“I know, Sheila. But what happened tonight to cause this breakdown?” I hated the calm, measured sound of my own voice. It reminded me of the way Lucian talked to me that day in the bookstore.

“He—he doesn’t know if he’s coming back. Oh, Clay!” My name became a tight keen.

I sighed, tried to summon empathy. Had Aubrey cried like this when she left me? Had she ever shed a tear even? “Sheila, where are your children?”

“With Dan. They’re with Dan. He took them. I don’t mean he took them, but for the night.”

“All right. And you’re not worried about them, right?” I couldn’t imagine either one of them doing anything stupid when it came to their children.

“No. I’m not. I’m all right.” She inhaled sharply, her breath catching. “He doesn’t know what he wants. It’s all right. I’m not angry.”

I stared at the receiver. She wasn’t angry? She had cheated on him, and she wasn’t angry? I had to work to suppress my rage, rising like tar on hot pavement. “I don’t know what to tell you. It sounds like you have it figured—”

“You can’t hate her,” she said suddenly.

“Who?”

“Aubrey. She just didn’t know what she wanted. It was a mistake. She knew it. She had to know it.”

“Sheila, you’re babbling,” I said more firmly. I was trying to be diplomatic but found it more and more difficult. I was glad I wasn’t in town where I might feel compelled to ask if I ought to check on her. I was sick of being a good guy. “You know what I think? I think you need to figure out what you want.”

Silence. And then a sniffle. “You’re right. You’re right, Clay.”

I didn’t say anything.

“Thank you.”

I nodded, though I knew she couldn’t see it. I waited a moment more to hear the soft click of the line before hanging up the receiver.

25

On the morning I left Cabo, my plane sat on the tarmac for an hour. The storm had caused cancellations and delays, and now that the sun was shining again, planes were baking in line on the runway like fish laid out to dry. I glanced repeatedly at my seatmate, trying to ascertain if he was less human than he looked in his Bermudas and flip-flops, until he dropped his head back, let his mouth fall open, and started snoring.

Gazing out the window, I stared at the gray cement until I, too, dozed. I woke, dry mouthed, just before the plane began its descent into the Dallas-Fort Worth International Airport. I wondered if I should have kept Sheila on the phone longer or called Helen, wondered where Lucian had been these five days, what the committee thought of my book.

My book. Sometime in the last few days it had evolved from my manuscript to “my book.” I had already decided that if Brooks and Hanover didn’t take it, I would submit it elsewhere. Maybe I would ask Katrina to represent it, to take it to one of the Titans—Random House, perhaps, or Hachette.

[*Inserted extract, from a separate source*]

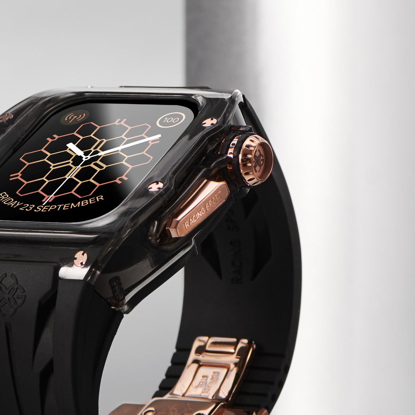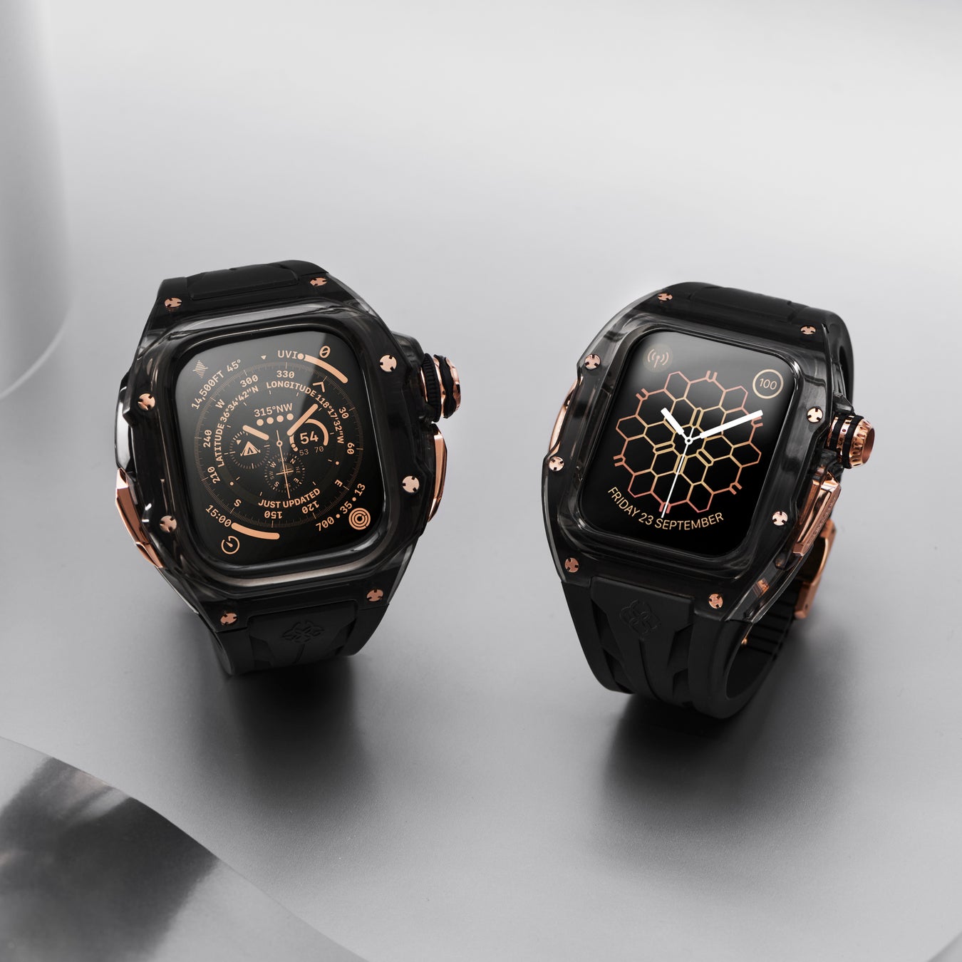 高級アップルウォッチケースとしての地位を確立した、スウェーデン発のラグジュアリーブランド「GOLDEN CONCEPT(ゴールデンコンセプト)」の人気コレクション「CRYSTAL EDITION」から、ブラック×ローズゴールドの最新モデル「RSTR SMOKEY BLACK」が発売。

But I needed to know how it ended.

Sitting in a bank of seats at my gate in Dallas, I reached for my cell phone but hesitated before turning it on. Pushing that button carried so much finality; either there would be a message waiting from Helen, or there wouldn’t. If there were, I might know now, before I even boarded my plane, the fate of my book. Or at least whether I should be calling Katrina.

What I would not know is how to finish it.

I didn’t turn it on. I told myself that I should welcome this limbo. I had languished in purgatory through my separation, in between appointments with Lucian, nearly every moment of the last three months. Now, perhaps on the cusp of something—some new direction—I should sit here during this layover and savor the feeling of truly being in transit. In between.

I put the phone in my bag, shoved it toward the bottom, pulled out a pen and the last few pages of one of the manuscripts I had taken with me. My legs felt swollen again, the skin tight across my calves. I had meant to walk around for a little while, but they would only swell again on the next flight, and I had promised myself I would return home with every piece of work I had brought with me finished. Every piece except my own.

My pen hovered above the page as, with the same apprehension with which I noticed Aubrey’s increasingly frequent absences in the months leading up to my discovery of her affair, I wondered where Lucian could be, where he went when he was not with me.

That’s so pathetic.

Someone was staring at me—a woman, sitting in a row of boarding area seats across from mine and one row over. Her legs were crossed beneath a long, stretchy skirt. Her brown hair was slightly frizzy, pulled back into a ponytail that gave her a girlish appearance, though a closer look at the lines around her eyes and mouth put her, I guessed, in her forties. She wore one of those fabricated pieces of jewelry they sold at women’s stores, the kind Aubrey used to disdain for looking like an antique or an art piece, though they were mass-produced and sold at exorbitant prices. Except for the jewelry, she would have fit in perfectly in Boston; she was wearing all black.

“Look at that sunburn,” she said to me, the furrow above her lip marred by a thin scar. “The committee loved what we gave them, by the way.”

I almost dropped the pages on my lap, so great was my relief. It was quickly followed by anger. “Where have you been?” I hated how transparent I was, how desperate I sounded.

“Roaming.” She pursed her lips into a little kitten mouth. “I thought you deserved a vacation before things got busy.”

“Busy? What do you mean busy? You said our time was short.”